Exercise requirements.
The required output is the exact run of lines below that opens at the line with "9. 在 iPhone/iPad" and closes at the line with "4、来到确认删除页面后,点击【确认】即可清空书架。".

Provided material.
*-*-*
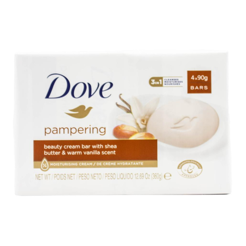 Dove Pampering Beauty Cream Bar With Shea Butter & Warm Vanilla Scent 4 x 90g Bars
*-*-*
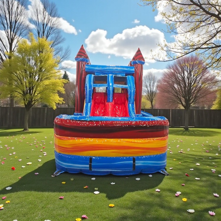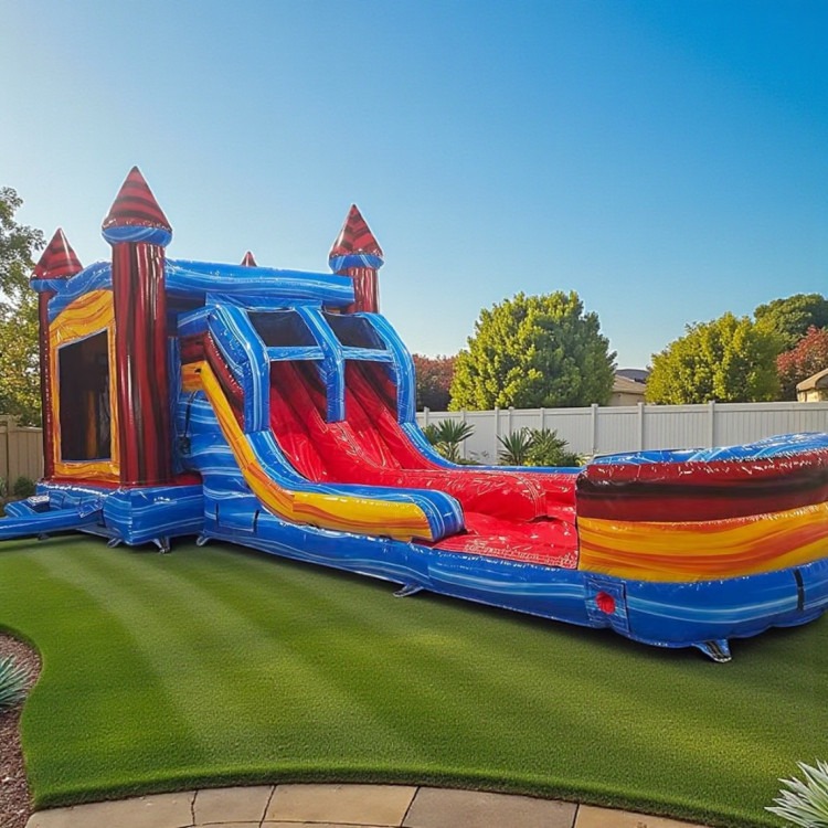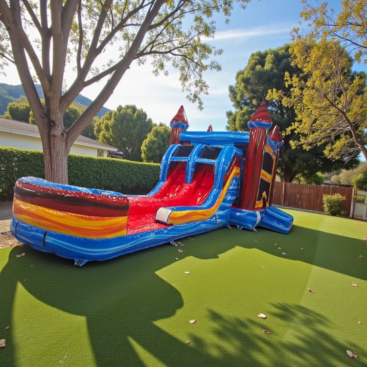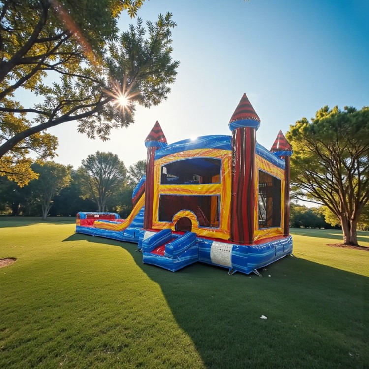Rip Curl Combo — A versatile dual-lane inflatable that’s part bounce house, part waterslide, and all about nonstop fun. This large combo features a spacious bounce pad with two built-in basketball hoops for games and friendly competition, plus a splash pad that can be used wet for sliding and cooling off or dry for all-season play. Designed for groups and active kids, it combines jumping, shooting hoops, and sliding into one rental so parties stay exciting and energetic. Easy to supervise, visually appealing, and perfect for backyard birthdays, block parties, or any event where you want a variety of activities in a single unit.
*-*-*
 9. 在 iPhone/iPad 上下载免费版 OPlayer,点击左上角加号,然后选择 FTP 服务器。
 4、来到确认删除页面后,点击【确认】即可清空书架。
*-*-*
Answer to this problem.
 9. 在 iPhone/iPad 上下载免费版 OPlayer,点击左上角加号,然后选择 FTP 服务器。
 4、来到确认删除页面后,点击【确认】即可清空书架。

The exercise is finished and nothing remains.